On Thanksgiving Saturday there was a dance, and I came home drunk. Elly said that Dad had phoned. He had wanted to talk to me, and they had left the phone line open for a half hour. She told me he would be home for Christmas. She never told him she was sick - never that I was drunk. Mom asked me if I would go to church the next morning for her. She had never been drunk. I on the other hand had taken to being what my neighbours thought I was. For, once I became what they had delighted in saying I was, they feared me.
Still our old house belied my monstership. I wasn't even a thief in my heart. I sought not darkness but light. So such a rebellion as mine was a heartbroken one. And little Autumn knew this.
Whenever I saw the faded palm leaves from an old Palm Sunday behind a picture of Saint Bernadette of Lourdes, I would tremble. In the never-forgotten stories from my childlike mother I would remember that when our Virgin was speaking to Saint Bernadette, the voices from hell arose, and one look from the Virgin's quiet face sent them into howling submission and final silence. I would remember that Saint Bernadette's body in its glass resting spot had never corrupted. And I would realize that I had miserably failed these childhood stories, but I had never in my heart outgrown them. Never had I really disbelieved them.
More fool I to believe something I could not commit to and damn myself for my human weakness each and every day, when millions who mocked my belief never suffered a pang.
Mom believed. She believed in miracles just as she gave money she could ill afford to Save the Whales, Save the Seals, Save the Children. In this was her response to miracles in her life. So leave her to them. She believed in Saint Therese of the child Jesus, of little Saint Flora beheaded for her faith. There was in this, in the rains of autumn, or in the scent of the lilac of late spring, a feeling of quiet wonder and of peace.
Still, my mother had a peace beyond any I had experienced. She had a picture of a sperm whale that someone told her her money had helped keep alive. Christ, did they not know my mother had not a nickel?
I had just come from the dance. Our community centre was an old one-room school moved out on skids to the highway, and a bar and a dance floor put in. I went there, now looked upon as the failure I was.
And what had I done that very night to prove myself? I had attacked the fisherman Hanny Brown. And what was the reason? Well, he was six foot three and strong as a bear, but hadn't I proven to myself I could hit like a mule?
He had no idea why I attacked him, and I needed a reason.

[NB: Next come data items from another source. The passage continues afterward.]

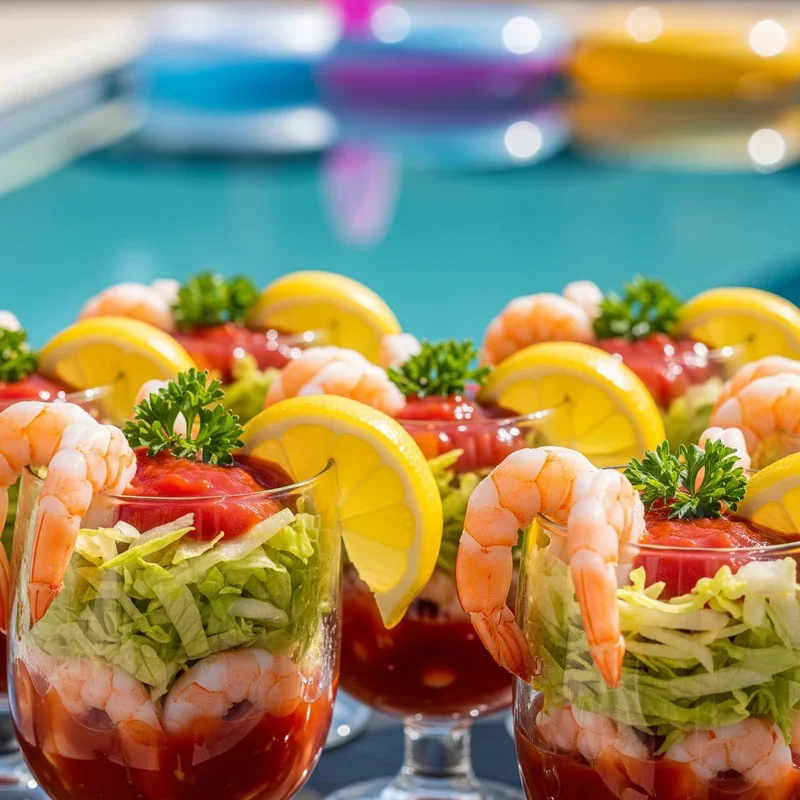 Elevate your pool party with individual shrimp cocktail cups that bring a touch of elegance to casual outdoor dining without the fuss of formal presentation. Layer tangy cocktail sauce at the bottom of clear plastic cups, then arrange chilled jumbo shrimp around the rim for a stunning display that's both practical and sophisticated. These portable portions eliminate the need for communal dipping, making them more hygienic and easier for guests to enjoy while mingling around the pool area. The cold, refreshing nature of shrimp cocktail provides a welcome respite from the heat while delivering lean protein that won't leave guests feeling sluggish. Garnish each cup with a lemon wedge and fresh herbs to add visual appeal and an extra burst of citrus flavor.
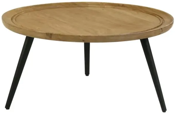 Pilar Round Solid Wood Top Coffee Table Natural and Black
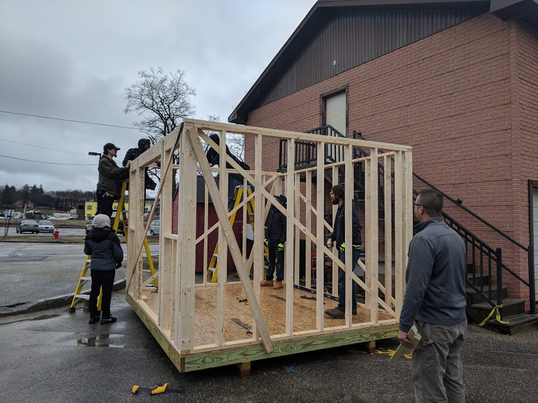 Instructor Jason Merritt supervises students in his adult education construction class recently. The team has been building a shed in the Lewiston High School lot. (Mark LaFlamme/Sun Journal)
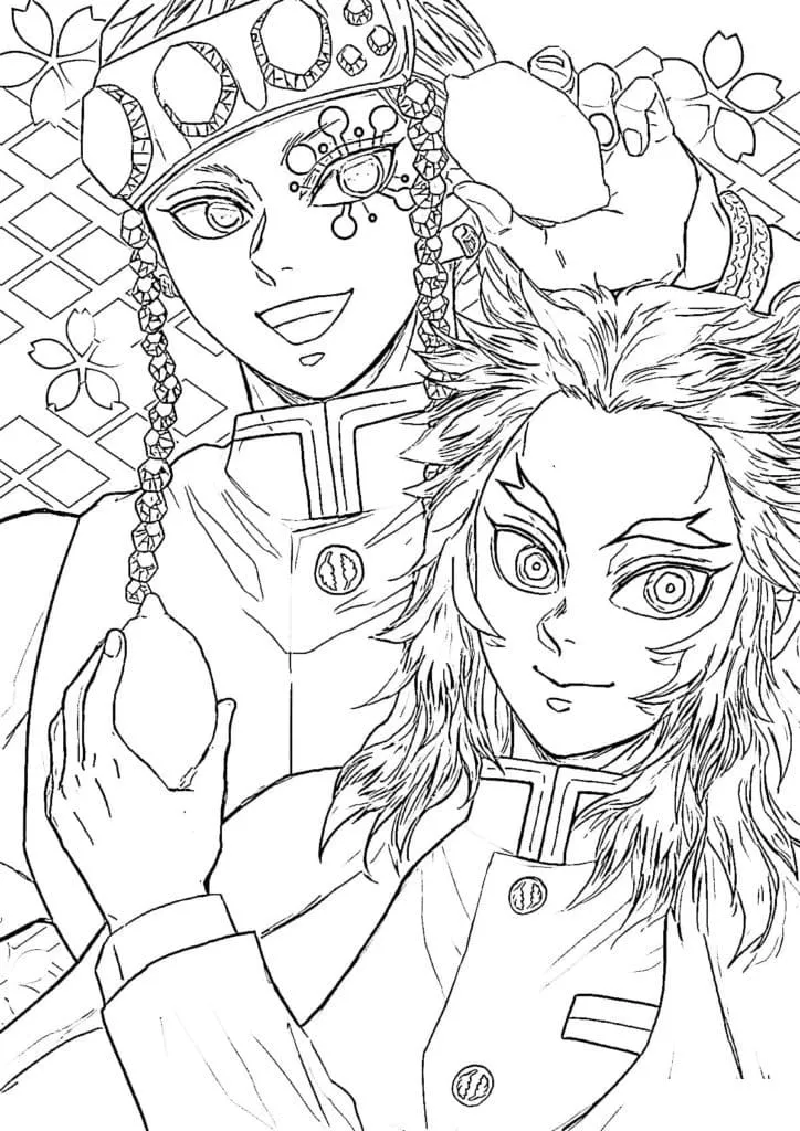 : Druckbar herunterladen Tengen Uzui und Kyojuro Rengoku Malvorlage
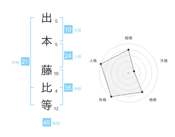 出本 藤比等さんの外格は21画の5点!
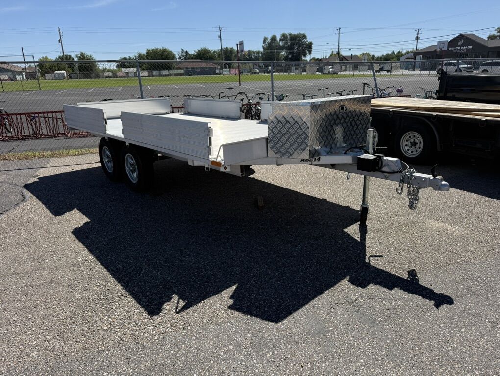 ZelleTandem axle 8x14 aluminum trailer like new condition very little use. Side mounted ramps, alloy wheels and box for storage can Dee 801-668-6266

I yelled, so everyone would hear, that he had called my mother a whore.
"That is not true, son - I would say that to no woman."
I started to turn away but saw Cynthia Pit by the bar looking across at me. I threw a short right and I felt his legs buckle within the very vibration of my punch. He put his hand up to cover his mouth, and I came back with a left hook. And Hanny dropped. His wife started crying - his face was covered in blood, his shirt and tie spotted bright red, and he rolled over and pushed himself up.